In assessment of spinal infection, MRI is the most sensitive, specific, and accurate imaging tool [7]. Nevertheless, definitive diagnosis of Salmonella vertebral osteomyelitis depends on the isolation of the organism from a bone specimen obtained by needle or open biopsy, aspirate of an adjacent fluid collection, or positive blood culture in a patient with clinical features consistent with vertebral osteomyelitis [4].

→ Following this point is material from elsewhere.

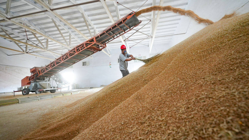 6月1日,在鲁粮集团鲁南国家粮食储备库,工作人员对入库小麦打掠麦糠。新华社发(尹召功 摄)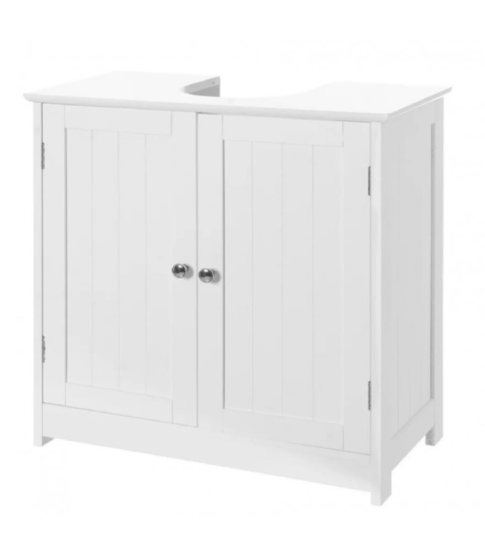 Meuble salle de bain sous lavabo/vasque en bois blanc 2 portes

Salmonella vertebral osteomyelitis can be primarily treated with antibiotics therapy and should be guided by results of antibiotics susceptibility studies for a duration of at least 6 weeks. Chloramphenicol, tetracycline, ampicillin, trimethoprim-sulfamethoxazole, amikacin, and cefotaxime have been used for treatment of Salmonella vertebral osteomyelitis [4]. However, of late, there has been emergence of antibiotics resistance mainly in South East Asia, the Middle East, and Africa and therefore agents such as third-generation cephalosporins and fluoroquinolones are the agents of choice [2]. Patients with large paravertebral abscesses may need only needle aspiration while patients with extensive bone destruction and epidural abscesses will require operative procedures such as laminectomy with abscess drainage, debridement and curettage, anterior debridement, and fusion with autologous bone grafting [4].

Conflict of Interests

The authors declare that there is no conflict of interests regarding the publication of this paper.